I heard Boyle read from his latest book, 2015's The Harder They Come, in Los Angeles (He teaches at USC.) It was great to hear the words straight from that feisty and brilliant mind, and I bought a copy to be signed (I think it says Con Amore? and I am unfortunately, not related, though we share a last name), but it took me a while to reach this book in my ever-growing pile. I just finished it and feel compelled to put fingers to key in praise. This book could not be more American, nor more timely. First, it explores a standoff between off-the-grid and out of his mind Adam, an anti-authoritarian, armed survivalist on public lands, bringing to mind the current Bundy standoff on federal land in Nevada. Second, Adam changes his name to Colter in honor of John Colter, an American Wilderness Legend so tough, Adam declares him to be tougher than Hugh Glass, the mountain man currently portrayed so unforgettably in The Revenant by Leonardo DiCaprio. The passages about Adam shift between the reality he is encountering as he grows opium in the woods of Northern California, has steamy sex with a fellow rebel (who actually has a job and a home), and leads the authorities on a manhunt -- with dream state passages about Adam's alternate personality as Colter, the historical figure surviving in the bitter wilderness and escaping from Blackfeet Natives who killed his partner and chased him to kill. The real Colter arrived at the nearest fort in 1809, 200 miles away from the attack, naked, and almost, but not, dead. Casting this book in my head, I had Leonardo DiCaprio or Christian Bale as Adam playing bad ass and increasingly crazy.

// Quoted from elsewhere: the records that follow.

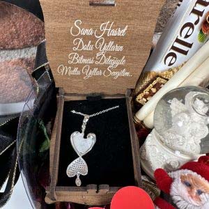 Kişiye Özel Yeni Yıl Sarılan Sevgililer Tasarımlı Kolye Set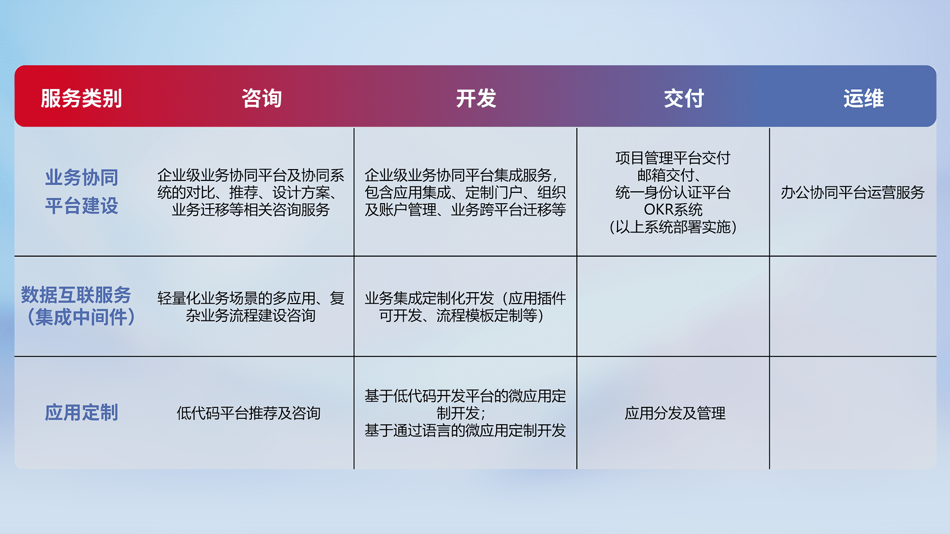 针对钉钉、、企微、、IDaas等平台级产品提供产品的规划、、方案、、、、交付、、、定制化开发等服务,,实现如统一协同办公、、、、智能客户服务、、、、混合会议管理、、、、智能数据查询、、、、等业务场景,,,实现数字化转型。。。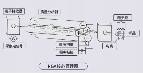 RGA通過對樣品氣體分子電離后,離子束經(jīng)過質(zhì)量分離器時,僅僅將有用的目標(biāo)離子送入到檢測器中。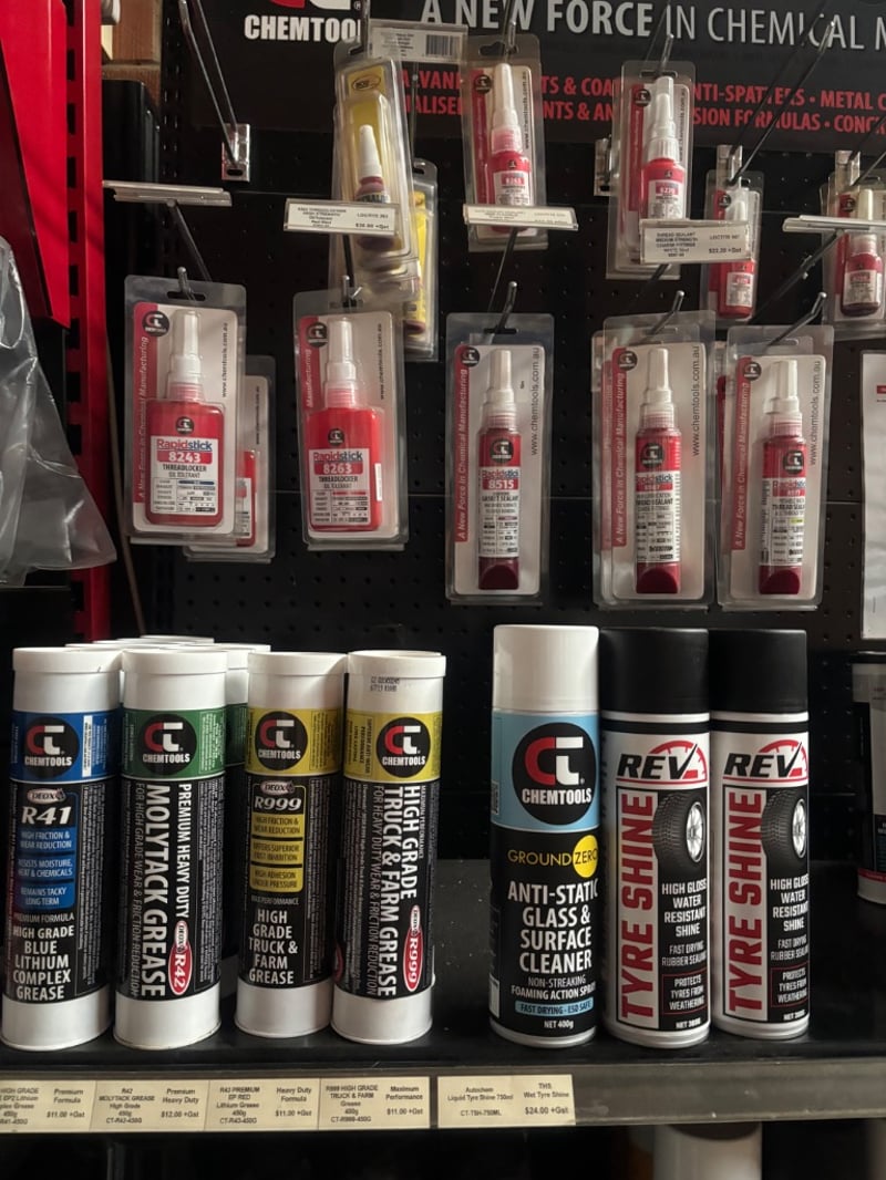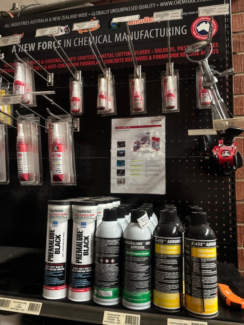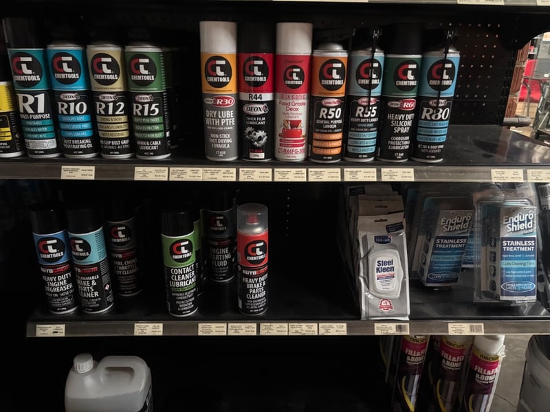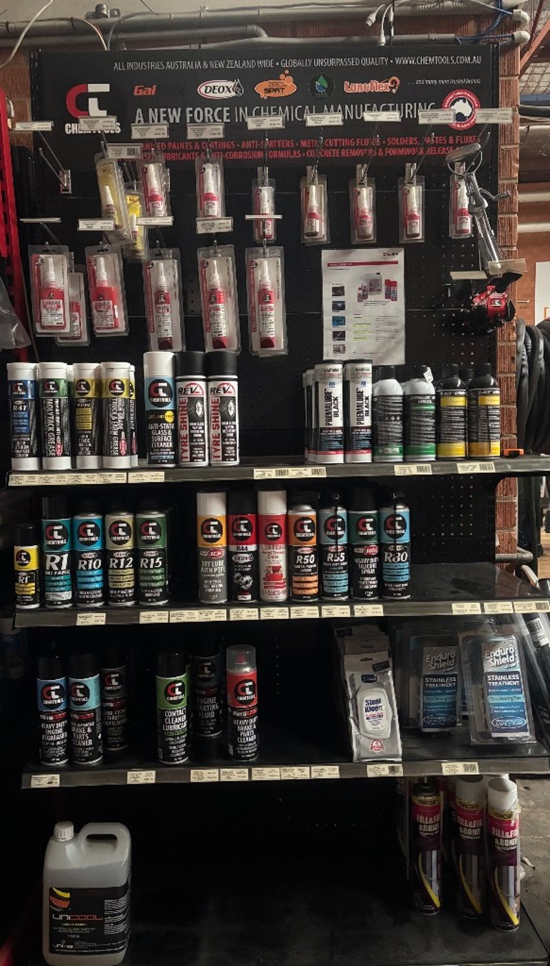 Lot of Chemtools industrial chemicals and maintenance products including lubricants, degreasers, cleaners, aerosols, threadlockers, and associated items on display shelving. Sold as Lot Note: Untested / As Displayed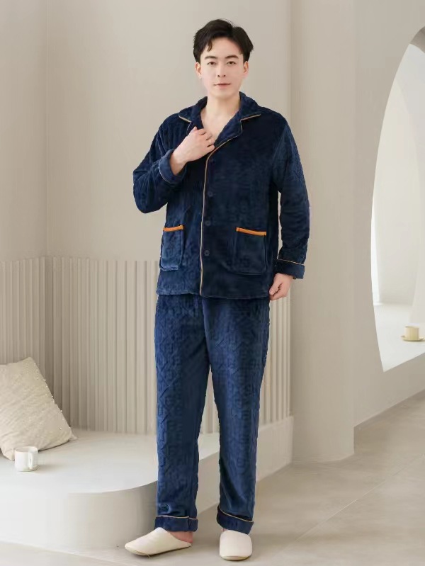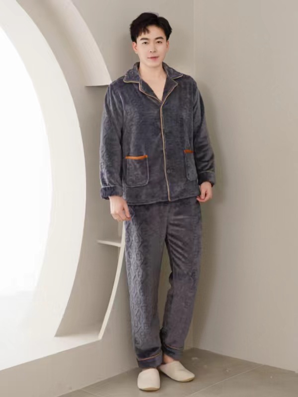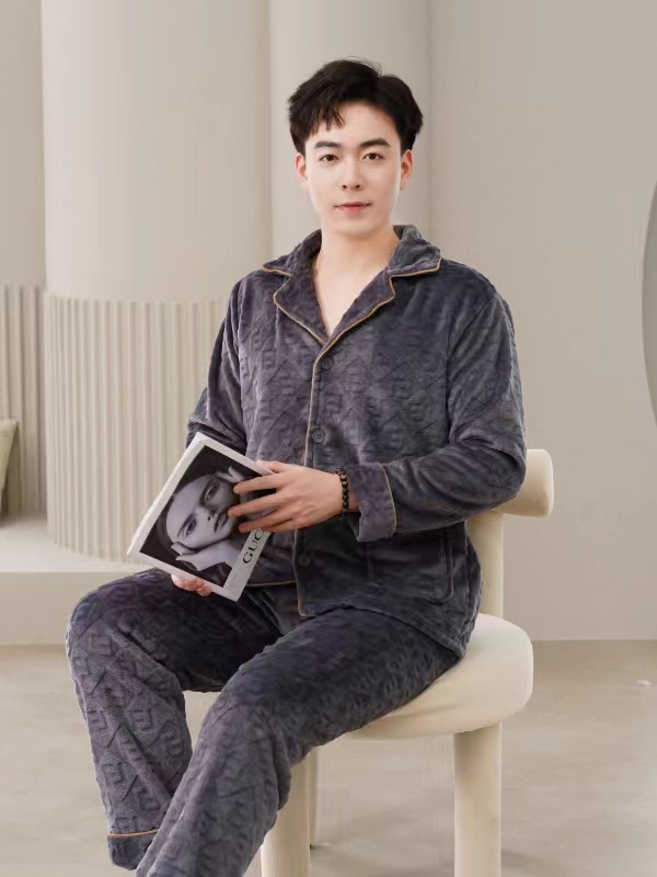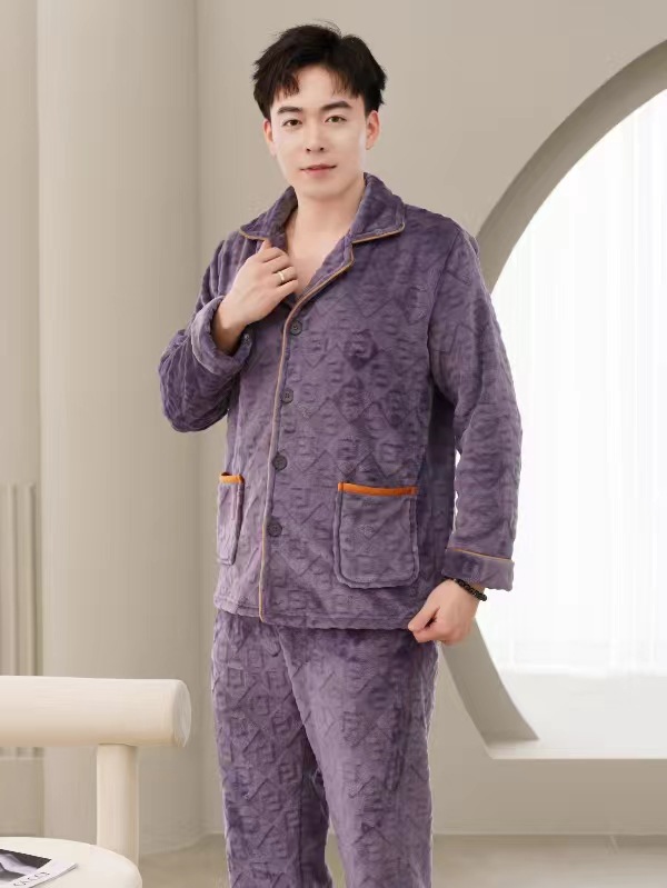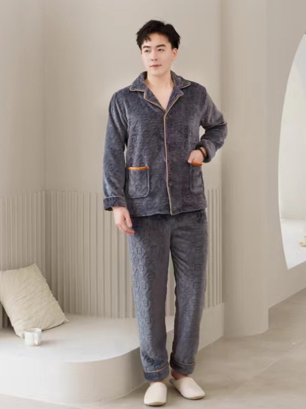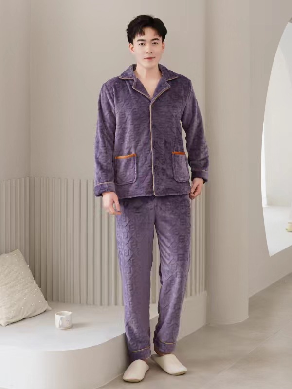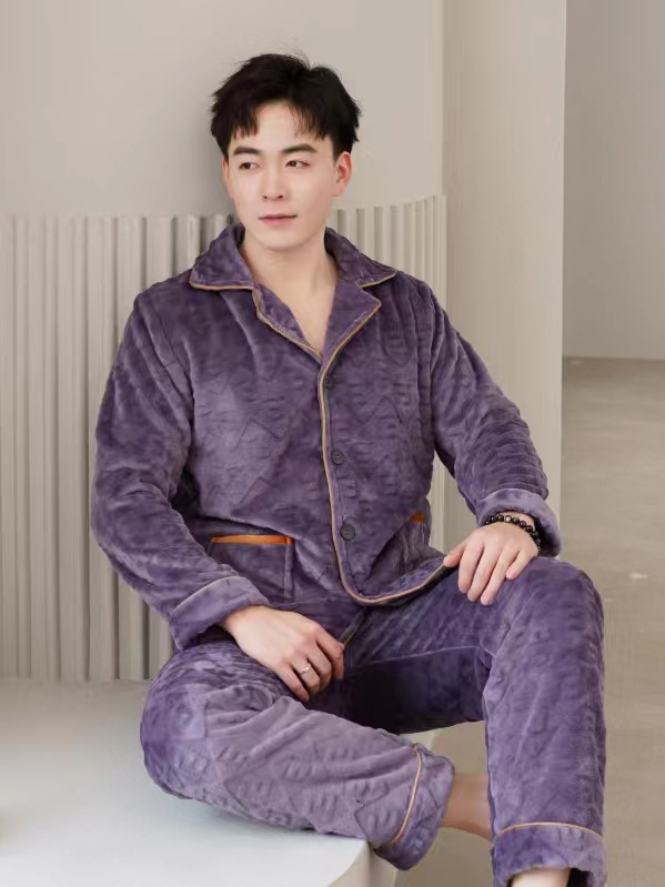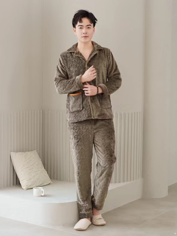 2024 새로운 남성 플란넬 파자마 기모 겉옷을 입기위한 두꺼운 투피스 세트 고급 따뜻한 가정 옷스토어 가기

The story is also about Adam's father, a recently retired high school principal, ex-Marine and Vietnam Vet who starts the book as a reluctant hero on vacation in Coast Rica when the tour group is assaulted by armed robbers. Sten Stensen is a big man, who loves his wife, and just wants to hike and enjoy his home in Mendocino but is thrown into the lime light first by unwanted heroism for his instinctive violent action in Costa Rica and then by the manhunt for his son.

What makes this book great is not just the page turning surprises that keep coming, the graphic words that fly off the pages, but the ever present humanity with which Boyle treats every single character, whether they are out of their minds vigilantes or just trying to get by as law abiding citizens in silence. Boyle has a gift for examining human characters in full, from neuroses, to biological needs, to desire to rise above the muck about them, to the capacity to love others just as broken and beautiful as they are. In the end, this book is about the American Psyche: our desire for independence versus our need for each other, our violent natures versus our desire for peace, and our adoration of youth versus our opportunity to grow old. American Classic.